Восстановление идеи внеэкономического принуждения требует дальнейшего прояснения одного из центральных понятий Маркса, а именно производственных отношений, как и их места в теории государства. В одном своем ключевом тексте Перри Андерсон систематически развертывает все моменты внеэкономического принуждения как differentia specifica, отличающего некапиталистические общества от капиталистических:
Все способы производства в классовых обществах, предшествующих капитализму, извлекают прибавочный продукт труда от непосредственных производителей средствами неэкономического принуждения. Капитализм – первый способ производства в истории, в котором средство по изъятию прибавочного продукта у непосредственного производителя является по форме «чисто» экономическим, трудовым контрактом; равный обмен между свободными агентами, ежечасно и ежедневно воспроизводящий неравенство и угнетение. Все иные предшествующие способы эксплуатации осуществлялись с помощью внеэкономических способов: родовых, традиционных, религиозных, юридических или политических. Вот почему, в принципе, невозможно объяснить их из собственно экономических отношений. «Надстройки» родства, религии, права или государства с необходимостью входят в основополагающую структуру способа производства в докапиталистических общественных формациях. Они прямо внедряются во «внутренние» связи процесса извлечения прибавочного продукта, в то время как в капиталистических общественных формациях, впервые в истории отделивших экономику как формально самодостаточный порядок, они, напротив, обеспечивают его «внешние» предпосылки. Следовательно, докапиталистические способы производства могут быть определены исключительно через их политические, юридические и идеологические надстройки, поскольку именно они определяют тип внеэкономического принуждения, который придает им особый характер. Конкретные формы юридической зависимости, отношений собственности и верховной власти, которые характеризуют докапиталистическую общественную формацию, вовсе не второстепенные или случайные сопутствующие явления; наоборот, они составляют главные индикаторы, указывающие на доминирующий способ производства. Поэтому детальная и точная систематизация таких юридических и политических форм является необходимой предпосылкой для составления всеобъемлющей типологии докапиталистических способов производства [Андерсон. 2010. С. 373–374].
Этот необычный текст привел к теоретическому сальто-мортале в марксисткой теории докапиталистических общественных формаций, который, оказавшись освободительным, принес с собой в то же время некоторые нерешенные теоретические проблемы.
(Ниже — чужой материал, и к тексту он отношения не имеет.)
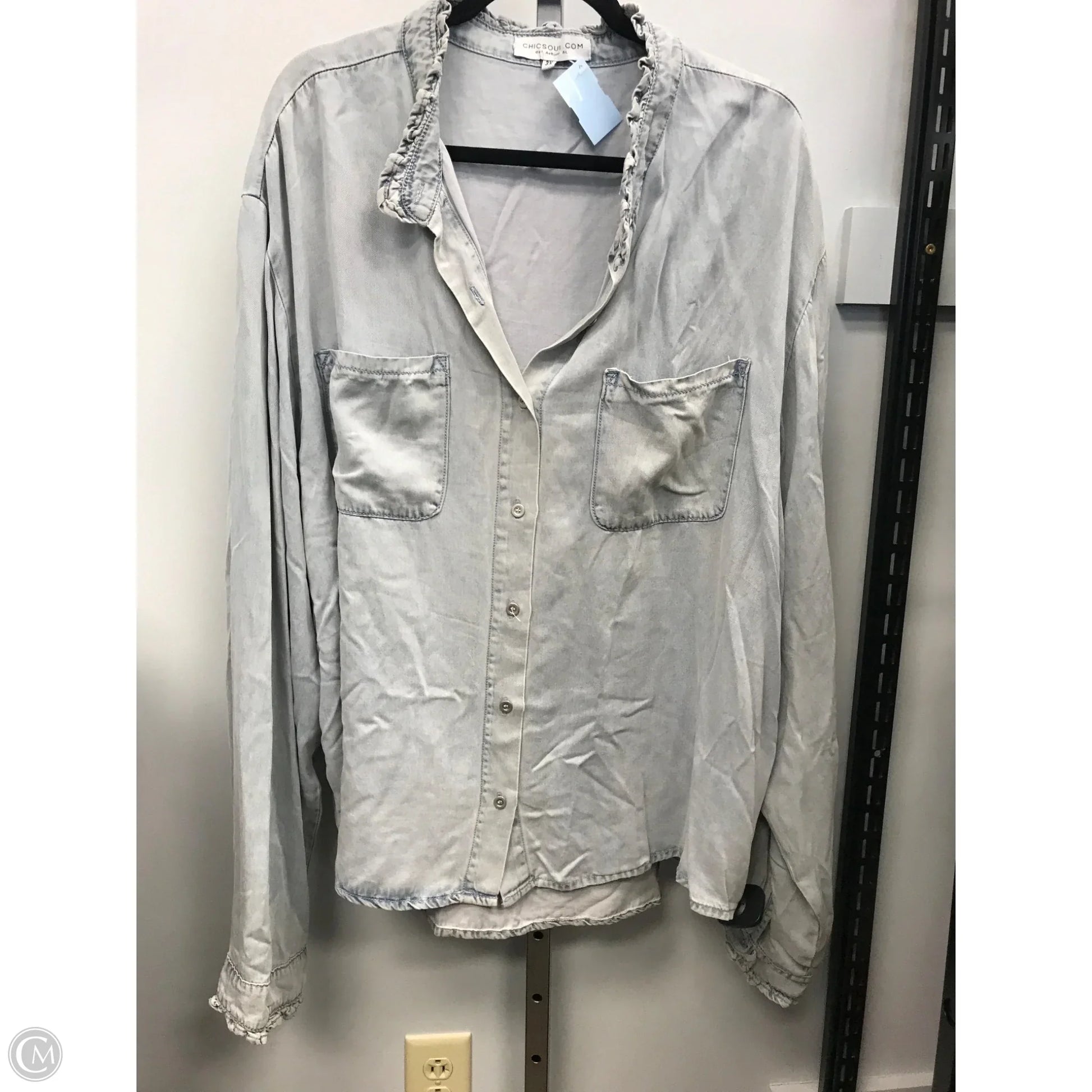 Top Long Sleeve By Chicsoul In Blue Denim, Size: 3x

С одной стороны, новая теоретизация Андерсона ставит на голову ортодоксальную марксистскую теорему – сколь бы вульгарной, тривиализированной или искаженной она иногда ни оказывалась, – согласно которой экономические структуры определяют политическую надстройку. Одним взмахом кисти Андерсон делает возможным дать всей политической истории средневековых обществ марксистскую интерпретацию – как в институциональном плане так и в отношении развития. В институциональном плане собственность отныне становится principium medium[42] между экономическим и политическим, или, скорее, институциональным выражением политической конструкции экономического.
Непосредственные производители и средства производства, включая орудия труда и объекты труда, например землю, всегда находились в руках класса эксплуататоров посредством преобладавшей системы собственности, основного пересечения между правом и экономикой. Но поскольку отношения собственности сами по себе артикулируются политическим и идеологическим порядком, который в действительности часто открыто управляет их распределением (например, ограничивая землевладение аристократией или исключая дворян из торговых операций), весь аппарат эксплуатации всегда простирается в сферу надстройки [Андерсон. 2010. С. 374].
В плане развития Андерсон напоминает, что «вековая борьба между классами в конце концов разрешается на политическом, а не на экономическом или культурном уровне общества. Другими словами, именно создание и разрушение государств закрепляет фундаментальный сдвиг в отношениях производства до тех пор, пока существуют классы» [Андерсон. 2010. С. 10–11].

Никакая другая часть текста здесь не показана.